Pushback continues on expanded SBA lending program

A bipartisan group of House and Senate Small Business committee members is calling on the Small Business Administration to pause expanding its flagship 7(a) lending program to fintechs after the recent departure of a key administrator. 

According to a May 16 letter to SBA Administrator Isabella Casillas Guzman, the recent departure of Associate Administrator Patrick Kelley has left a leadership void when such leadership will be necessary to implement the rules. In April, the SBA issued a final rule lifting the moratorium on the number of non depository lenders for 7(a) lending. 

 “Without a permanent associate administrator leading the Office of Capital Access, it makes it more challenging for stakeholders to get timely responses to implementation inquiries and for Congress to conduct necessary oversight of these significant programmatic changes,” the lawmakers wrote. 

The letter came less than one week after lawmakers grilled Kelley during a May 10 House Small Business Committee meeting over the proposal he led to allow fintechs to use the program. Republican members noted that PPP loans originated through fintechs were “highly suspicious” at nearly five times the rate of loans from traditional lenders.

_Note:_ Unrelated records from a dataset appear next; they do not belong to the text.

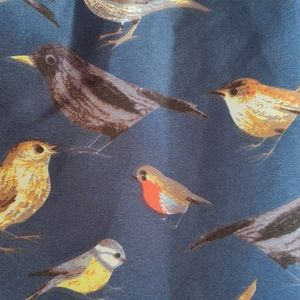 flouncy with a cute bird pattern, this blue bird print skirt is an easy way to pull together an eclectic, elegant look. unlined but not see through! pleats, flat front elastic waist, side zipper. polyester. EUC, worn 4 times over 2 years.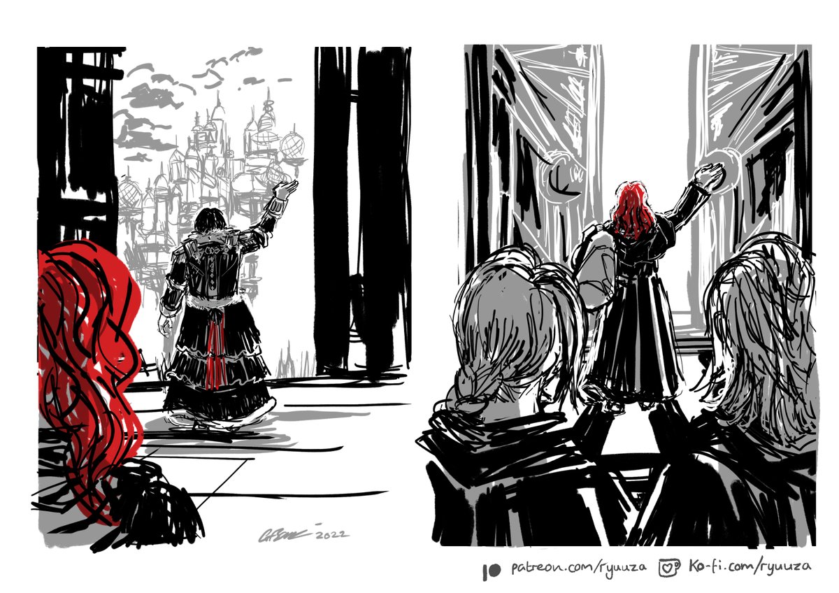 #EmetSummerSplash Day 2: Solitude Then and now. #EmetSelch #Azem #hythlodaeus #azemet #hythades #emetwol #FFXIVArt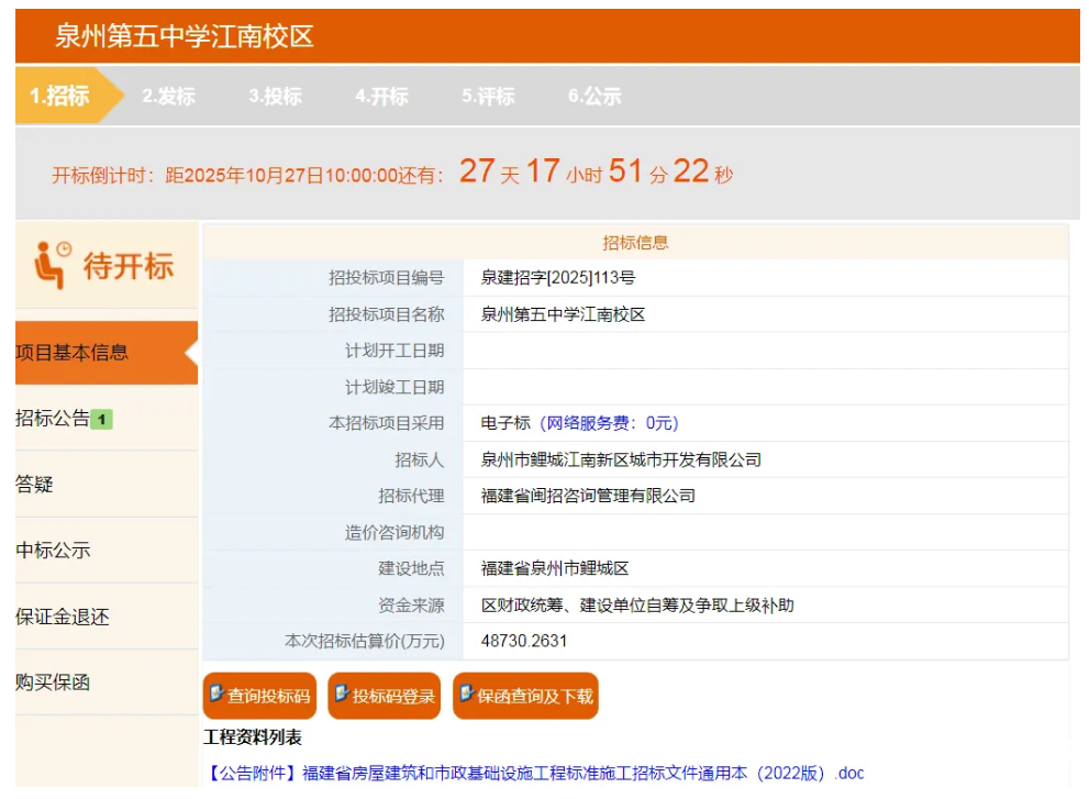 近日,泉州公共資源交易信息網發布《泉州第五中學江南校區施工總承包》招標。

“The SBA is throwing away the nine perspective elements of underwriting that lenders have been using for decades to determine if a borrower is eligible for a government-backed loan,” said Small Business Committee Chair Roger Williams (R-Texas). “Instead, lenders will now be able to use whatever lending criteria they see fit considering that taxpayers will go and be the ones on the hook if a significant number of those loans go bad.”

Several Republicans questioned whether the agency would have enough staffing to handle the changes as more employees work from home, a contention Kelley pushed back on. He defended the changes, adding that lifting the moratorium will provide borrowers with more options for 7(a) loans. He predicted that banks and credit unions would still allocate the majority of such loans. 

The number of Small Business Lending Company licenses had been capped at 14 since 1982. The SBA is initially admitting only three new SBLCs into the program. The SBA has said the change would increase chances for employee ownership and modernize credit criteria and underwriting standards to incentivize a wider distribution network of small-dollar loans. The rule will allow lenders to make SBA lending decisions based on their existing credit policies for non-SBA loans similar in size; provide additional flexibility for loans of under $150,000; streamline required paperwork for lenders; and simplify and clarify affiliation standards for small business owners and lenders. 

Both Democrats and Republicans have said the safety of fintech lending needs to be ensured before they support the expansion. In March, Ben Cardin (D-Md.), chair of the Senate Small Business Committee, and Sen. Joni Ernst (R-Iowa), the committee’s ranking Republican member, released a letter urging Guzman to “go back to the drawing board on the agency’s irresponsible changes made to its loan underwriting while permitting an unlimited number of nonbank financial technology companies.”